Parties do not require the permission of the court to adduce witness evidence in support of their cases. However, a party who wishes to rely on the evidence of a witness must serve a witness statement signed by the witness setting out the witness’s evidence, and must call the witness to give oral evidence at trial. If the party does not provide a witness statement or summary for a witness before trial, the party may not call that witness without the court’s permission. Furthermore, the court has wide powers to control the evidence which is allowed, such as excluding evidence which would otherwise be admissible and limiting the cross-examination of witnesses.

A party may also apply for a court order that a witness’s evidence shall be given in a sworn deposition taken by a court-appointed examiner prior to the hearing of the action.

The judge’s role is essentially to assess the evidence adduced by the parties, and does not include an independent fact-finding function.

  • Expert witnesses

A party may not rely on expert evidence unless the court gives permission. The court can control the issues upon which expert evidence is to be given, the form in which the evidence is given, and the fees payable to the expert.

Where more than one party wishes to submit expert evidence on an issue, the court may direct that the evidence shall be given by a single expert instructed jointly by the parties, rather than by a separate expert instructed by each party. The court may make such a direction on its own initiative, without the agreement of the parties.

The court will not require the parties to adduce expert evidence on its own initiative. However, the court may itself appoint an expert as an “assessor” to assist the court in relation to an issue. The court may direct the assessor to prepare a report (copies of which must be provided to the parties) and to attend the trial to advise the court.

2.2 If the application by a party concerning the taking of evidence is approved, what steps follow?

  • Disclosure

Following an order for disclosure, each party must serve on the other parties a list of the relevant documents which are, or have been, in its possession or control.

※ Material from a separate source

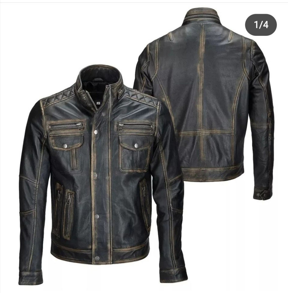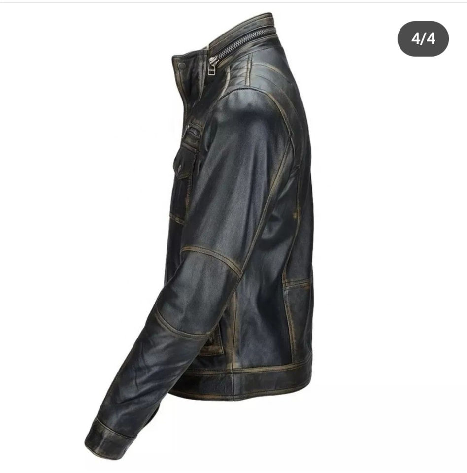 แจ็คเก็ตหนังผู้ชายขายส่งจากโรงงาน สำหรับนักขี่มอเตอร์ไซค์ หนังแกะแท้คุณภาพสูง ดีไซน์แบบดิสเทรส

The other parties are then entitled to inspect and have copies of the documents. Charges may be made for photocopying.

  • Witnesses of fact

The court will order the parties to serve signed witness statements from each witness on whose evidence they intend to rely before the trial. The statement may be drafted by the witness, but will often be prepared by the lawyer for the party on whose behalf the witness is giving evidence. The statement should set out the witness’s evidence in full, in the witness’s own words if practicable.

If a party has been ordered to serve a witness statement from a witness but is unable to obtain one, the party may seek the court’s permission to provide a witness summary, setting out the evidence which the witness is expected to give or the matters on which the party intends to question the witness.

If the court orders that a witness’s evidence should be taken in a deposition, the witness will give evidence orally before a court-appointed examiner. The examination will be conducted as if it were a trial, with a full opportunity for cross-examination of the witness, and a transcript of the evidence will be produced.

  • Expert witnesses

If the court gives permission for expert evidence, the parties prepare instructions to the expert(s). Where there is a joint expert, the parties may instruct the expert separately if instructions cannot be agreed. The expert, whose overriding duty is to the court and not to the instructing party or parties, will prepare a written report. A party may then put written questions to an expert who was instructed jointly or by another party. Where there are separate experts, the court may also direct that there should be discussions between the experts to identify areas of agreement and disagreement. Expert witnesses are entitled to be paid for their services, normally by the party or parties instructing them.

2.3 In which cases can the court reject an application by a party to obtain evidence?

Whenever parties apply for orders to enable them to obtain or adduce evidence, the court will need to be satisfied that the evidence in question is likely to be relevant and admissible. In considering how to exercise its powers, the court must also seek to deal with cases justly, which includes saving expense and dealing with cases in ways which are fair, expeditious and proportionate to the importance, complexity and value of the claim. These considerations may lead the court to reject applications or to make orders of its own initiative (e.g. requiring a single joint expert rather than separate experts appointed by each party).

2.4 What different means of proof are there?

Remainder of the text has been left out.